Frank LeTanc posted a comment on Saturday 10th December 2005 11:49pm for Painful Recovering

i do love this story, and I'm reading it again for my own personal I get that added thrill of you using my humble summary as the official summary, that's so dope! anyhow, I dont know how you've done it, but you have made fudge almost likeable in this story. I mean yeah he's a bastard, and everyone knows it but he's been absolutley hysterical so far especially when he interacts with bumbledork and weatherbee of course.

harry85 posted a comment on Tuesday 29th November 2005 9:07pm for Painful Recovering

Wonderful story, really! I love every chapter, even if they are quite long...but hey, somehow I manage to get through them.

By the way, I've written a story similar to yours, not knowing about this one at the time. It's posted on, my author name is Harry85, if you would like to have a look at it it is called "The Heirs of Darkness" and you would make me happy reviewing it! Thanx!!

Christina C. Keimig posted a comment on Wednesday 23rd November 2005 1:36pm for Painful Recovering

I love some of your details, guys. You have me cracking up almost enough to wake my little boy, who'd really be hacked off at this hour.

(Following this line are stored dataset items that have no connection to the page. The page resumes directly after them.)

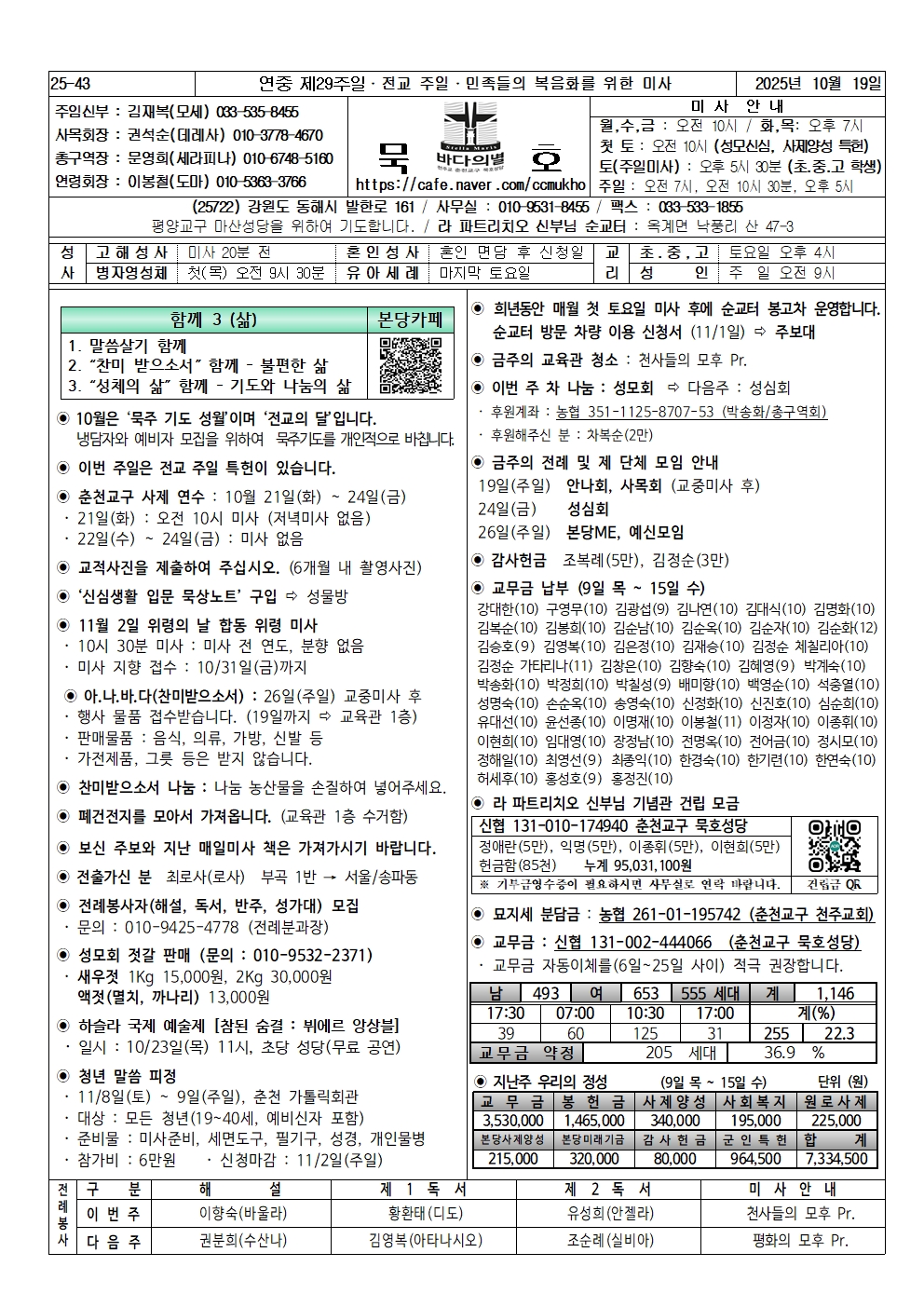 묵호 - 2025년 10월 19일, 연중 제29주일(전교 주일)
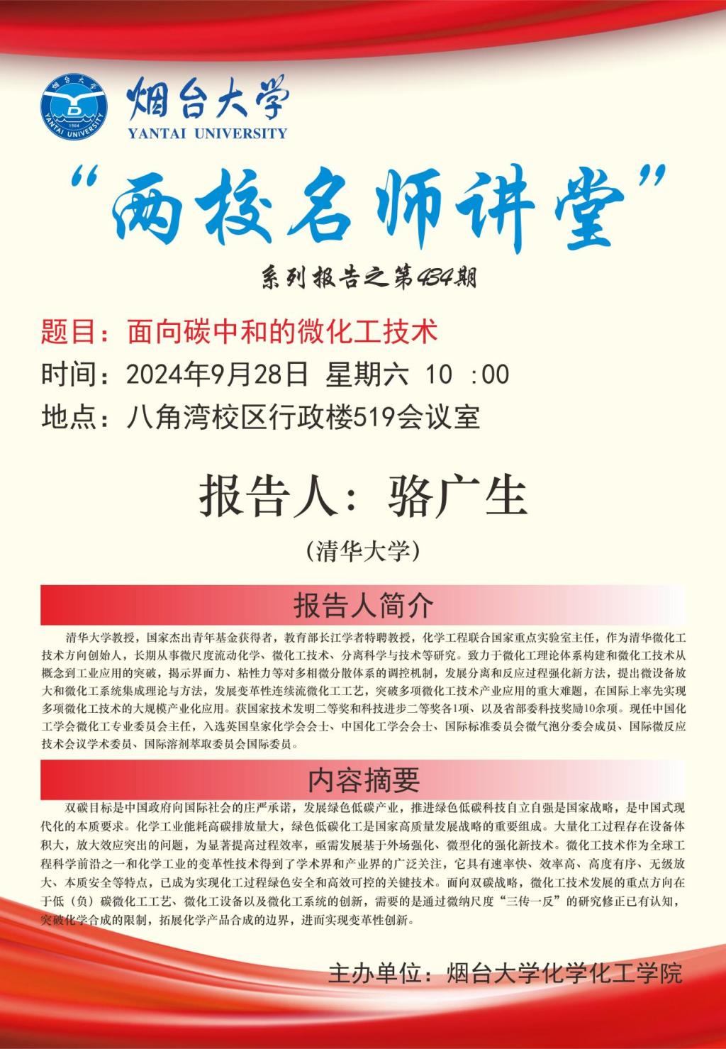 化院高质量发展战略咨询委员会成立大会暨化工学科论坛 高水平讲座预告
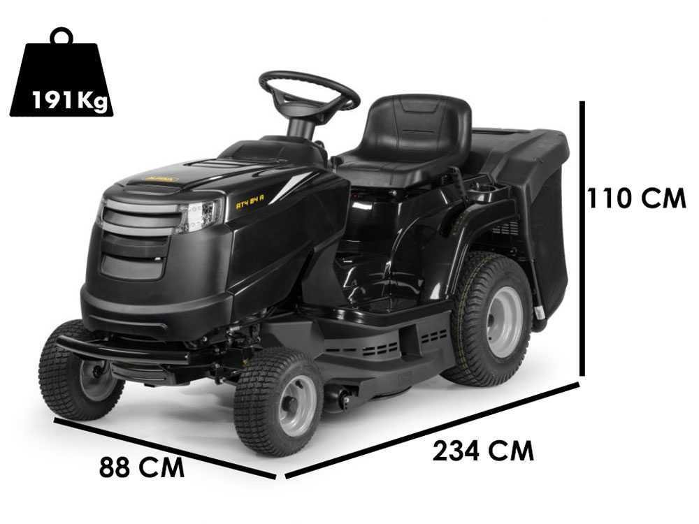 Grâce au grand carter de coupe à 2 lames de 84 cm et au grand bac de ramassage 200 litres, la tondeuse autoportée est tout à fait adaptée à la tonte de l’herbe même sur des surfaces moyennement grandes.

As much as you say you hate Draco, he's so likeable in this fic that it brought tears to my eyes when he threw himself at his recovering mommy. Maybe because I'm a mom myself? Or maybe just because you guys are fantastic writers...

FairyQilan1 posted a comment on Wednesday 23rd November 2005 9:33am for Painful Recovering

He could have used magic to isolate the poison, then bleed it out. rehabilitation would come later. Also, " diabolical music"?! WTF is that?

MattD posted a comment on Tuesday 15th November 2005 2:48am for Painful Recovering

I like how you write this story almost like a movie, with the scenes shifting (sometimes rapidly) and the succinct imagery, which almost feels like a camera following the actors. I love this story!

Natasja posted a comment on Friday 21st October 2005 1:12am for Painful Recovering


I love how this story is going. Please keep up the exellent work.
Have you ever considered professional writing?

By the way, thank you for putting in the 'Pet Peeves' part. You have managed to put into words what I have been dying to say but never found a way of expressing.
I really am not in a position to comment about the one concerning chapter titles, though.
On all but one of my multi-chapter stories (I'm more into poetry and companion groups of one-shots) I've managed to label about half of the chapters then been absolutly unable to think of anything that would fit! Really, sometimes I think that inventing and writing chapter titles is harder than the story itself!

Peace be with you,

dogbertcarroll posted a comment on Wednesday 5th October 2005 7:23pm for Painful Recovering

You owe me a mouse.

Clayton Rickey posted a comment on Friday 23rd September 2005 4:54am for Painful Recovering

It has been pretty good so far, but you got one thing wrong that I can think of. In Painful Recovering , you said that the last time Harry visited his vault was the summer before his second year. Actually, the last time he visited his vault was the summer before his third year, after he ran away from the Dursleys.